Brittany's Law

There is a saying that knowledge is power, and when it comes to information about the dangers that surround us each and every day no truer statement has ever been uttered. That is why I am pleased to announce state senate approval of Brittany’s Law.

Brittany’s Law is named for 12 year old Brittany Passalacqua. In 2009, in Geneva, New York, Brittany and her mother Helen Buchel were murdered in their home by Helen’s boyfriend. It was later learned that the murderer was a violent convicted felon, John Edward Brown, who had been released from prison after serving 2 ½ years of a three year sentence for assaulting his infant daughter. Neither Brittany nor Helen knew of their killer’s violent criminal background, if they had, they would have never associated with him, and they would still be alive today.

The goal of Brittany’s Law is to make sure individuals who have been convicted of a violent felony can’t slip unsuspectingly into a family’s home. Instead, such criminals will be required to register with a statewide violent felony offender registry through the New York State Department of Criminal Justice Services.

The violent felony offender registry would be similar to the New York State Sex Offender Registry. Offenders would be required to register once released from prison and must re-register annually. Information about the offenders would be compiled in the database and available to the general public and police agencies. Several other states have already established a violent felony offender registry.

Alerting individuals to a violent criminal’s past is a crucial crime prevention step because many become repeat offenders. A recent study by the University of Wyoming found that individuals under the age of 25 who commit violent crimes have the highest rate of recidivism. The Urban Institute Justice Policy Center based in Washington, DC conducted a study published in 2003 that found nationwide 53% of arrested males and 39% of arrested females are re-incarcerated.

While there some learn from their mistakes and make life corrections, it is clear that many others continue along the same path of violence. In some of these cases, the offender even turns to a higher degree of violence, as was the case with Brittany’s murderer. This further illustrates the need for a violent felony offender registry.

Now, you may be thinking that you have heard about this bill before – and you would be right. The senate has approved this measure with overwhelming bipartisan support on multiple occasions, yet the state assembly has failed to even consider the measure for a vote. A companion bill has been introduced in the assembly, and I am hopeful that this is the year this measure passes both houses and is sent to the governor.

This is not the first time I have sought stronger laws to protect individuals from violent criminals. In the past I have supported numerous measures to update laws and close loopholes to allow detection and prosecution of sexual offenders, child predators, and the like. As I mentioned, the new registry would be patterned after the New York State Sex Offender Registry, created under Megan’s Law. The landmark legislation has empowered parents and concerned members of the community with the information needed to protect their families from dangerous sexual predators.

I have also fought for, and won approval, of laws to protect our elderly from violent criminals.

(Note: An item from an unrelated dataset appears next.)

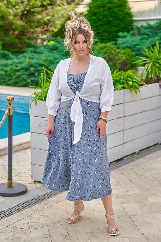 Тканина : батист ( біла сорочка), штапель ( плаття) Кольори плаття : джинс, бежевий, чорний Комплект плаття та сорочка, плаття нижче колін, на грудях збірка тканини, яка підкреслює груди, плаття на бретельках , які завʼязуються на плечах , регулюючи довжину ( по дві на плечах), ззаду на спинці ряд резинок , які регулюють обʼєм ( виконані на спецмашині). Сорочка з рукавом нижче ліктя на манжеті , з переду завʼязується ( без ґудзиків ) Параметри моделі 110-86-110, зріст 170см, на ній розмір 50-52 Параметри виробу : 46-48: ОГ44-100, ОТ82, ОС154см, довжина від «подмишки» 98см ; сорочка : довжина рукава 41см, по спинці 52см. 50-52: ОГ90- 110, ОТ88, ОС 162, довжина від «подмишки» 98см; сорочка : рукав 42см, довжина по спинці 52см; 54-56 : ОГ92-120, ОТ94, ОС170, довжина плаття від «подмишки» 99см; сорочка : рукав 43см, довжина по спинці 53см. 58-60: ОГ94-130, ОТ98, ОС178, довжина від «подмишки» 99см; сорочка : рукав 43см, довжина по спинці 53см

Thanks to legislation I co-sponsored, New York now has tough penalties to punish anyone who attacks a senior citizen. The law, established in 2008, elevates the assault of a person sixty-five years of age or older when the perpetrator is more than ten years younger than the victim to assault in the second degree, a class D violent felony punishable by up to seven years in prison.

These laws provide important crime-fighting tools, act as deterrents and help make our state safer. I am proud to support them.